Week of February 23, 2026
The week started with a Chrome Web Store rejection email and ended with a shared design system powering three sites. In between, lem.fyi got a full social layer.
Table of Contents
What I built
lem-fyi had its biggest week yet - 54 commits across 32 merged PRs. The headline was issue #63: a complete engagement system with likes, comments, Google OAuth, Cloudflare Turnstile bot prevention, Claude API content moderation, and Resend email notifications. Comments support editing, deleting, likes, and single-level replies (#132). The moderation defaults to review on API failure rather than reject - false negatives beat false positives on a personal blog.
The Preact-to-React migration (#128) was mechanical but tricky. React requires charSet (camelCase) and object-style style props where Preact accepted strings. The admin SPA stays on Preact with its own tsconfig to avoid type conflicts.
That migration enabled the real goal: a shared design system. Created @lem/ui (#127) as a standalone package with CSS custom properties, Tailwind v4 preset, and shared React components (Logo, SideNav, BottomNav, ThemeToggle). Wired it into both lem.fyi (#134) and lem-work (#307), cutting ~200 lines from each site. One gotcha: esbuild doesn't respect @jsxImportSource pragmas for files in symlinked packages, so the shared components use classic import React from 'react'.
Post page styling got a full pass (#129) - tighter letter-spacing on headings, rounded code blocks and callouts, responsive font sizes. The TOC went through three iterations (#70, #75, #79) before landing on a flex-based layout visible down to 1024px with a mobile collapsible fallback. Nav styling matched lem.work pixel-for-pixel (#91) after I discovered the root font size difference (18px vs 16px) was inflating all rem-based values by 12.5%.
Also shipped: Stripe donations (#61), floating action buttons (#95), email notifications for likes and comments (#94), Spotify and YouTube embed support for WIR posts (#121, #122), and a blog post on managing multiple GitHub accounts with direnv (#50).
darkly-suite spent the first half recovering from a Chrome Web Store rejection. Red Potassium flagged the listing for missing subscription disclosure - all features require a paid plan but the description didn't say so (#554). What followed was a compliance marathon: 14 PRs fixing descriptions (#583, #585, #587, #589), trimming test instructions to the 500-char CWS limit (#593), and applying the same fixes to Sheets (#601). Gmail Darkly bumped to 1.0.1 for resubmission (#580).
The second half pivoted to building a screenshot harness for CWS listing images. Six issues (#609-#614) delivered a mock framework with realistic Gmail, Sheets, and Docs page replicas, a Playwright + Sharp pipeline for automated capture and compositing, and per-extension YAML configs for screenshot generation. The mock pages render real-looking UIs with toolbars, sidebars, and content areas that show dark mode applied.

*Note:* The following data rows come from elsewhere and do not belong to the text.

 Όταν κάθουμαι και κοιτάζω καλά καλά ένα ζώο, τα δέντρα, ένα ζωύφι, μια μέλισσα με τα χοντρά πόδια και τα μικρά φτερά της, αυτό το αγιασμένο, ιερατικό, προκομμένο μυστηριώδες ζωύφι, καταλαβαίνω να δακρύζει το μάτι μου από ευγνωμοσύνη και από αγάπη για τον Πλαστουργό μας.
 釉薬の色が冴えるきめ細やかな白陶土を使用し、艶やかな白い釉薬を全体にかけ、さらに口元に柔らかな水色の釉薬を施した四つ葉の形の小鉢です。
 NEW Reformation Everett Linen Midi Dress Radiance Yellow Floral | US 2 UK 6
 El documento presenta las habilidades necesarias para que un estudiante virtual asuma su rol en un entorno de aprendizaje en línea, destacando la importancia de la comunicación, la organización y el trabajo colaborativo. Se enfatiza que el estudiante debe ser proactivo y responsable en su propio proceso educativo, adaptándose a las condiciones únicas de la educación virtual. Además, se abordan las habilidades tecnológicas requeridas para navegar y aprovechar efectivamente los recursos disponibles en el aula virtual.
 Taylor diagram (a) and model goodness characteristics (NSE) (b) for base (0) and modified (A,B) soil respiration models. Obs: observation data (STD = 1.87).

Subscription UX improved: warning banners for canceled and past-due subscriptions (#577, #582), a restore purchase flow for license recovery after reinstall (#564), and a redesigned side panel with collapsible sections (#572).

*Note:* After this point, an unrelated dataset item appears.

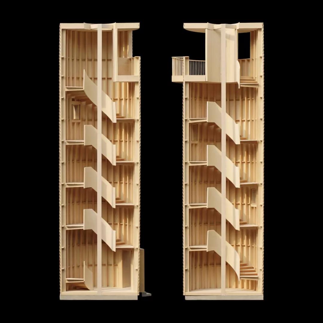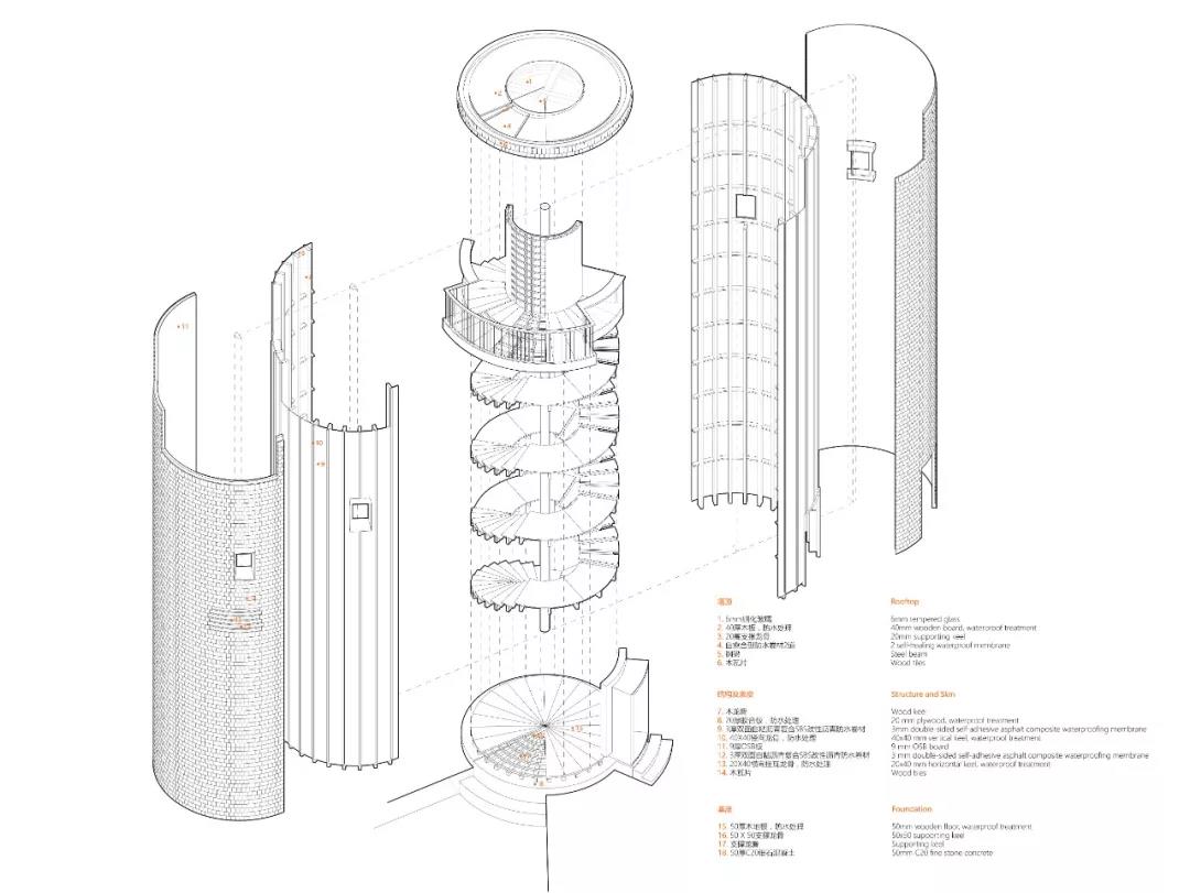 觀鳥塔因其純粹的功能要求,設計的重點便是如何營造游覽過程中的體驗和氛圍。從外部看,塔的整體較為封閉,材料為木瓦片,這種材料經歷日照和氣候影響,瓦片顏色會由原木色逐漸變為灰色,呈現出更為靜謐的氣質。

lem-work got a consulting booking feature (#301, #304) with Stripe payments and Google Calendar integration, renamed from "Consulting" to "Meet" with a General Inquiry meeting type. The CareConnect provider portal got its showcase page (#287) with deployment to Cloudflare (#290) and live demo links. Portfolio pages shipped for lem.work itself (#264) and eluketronic (#257).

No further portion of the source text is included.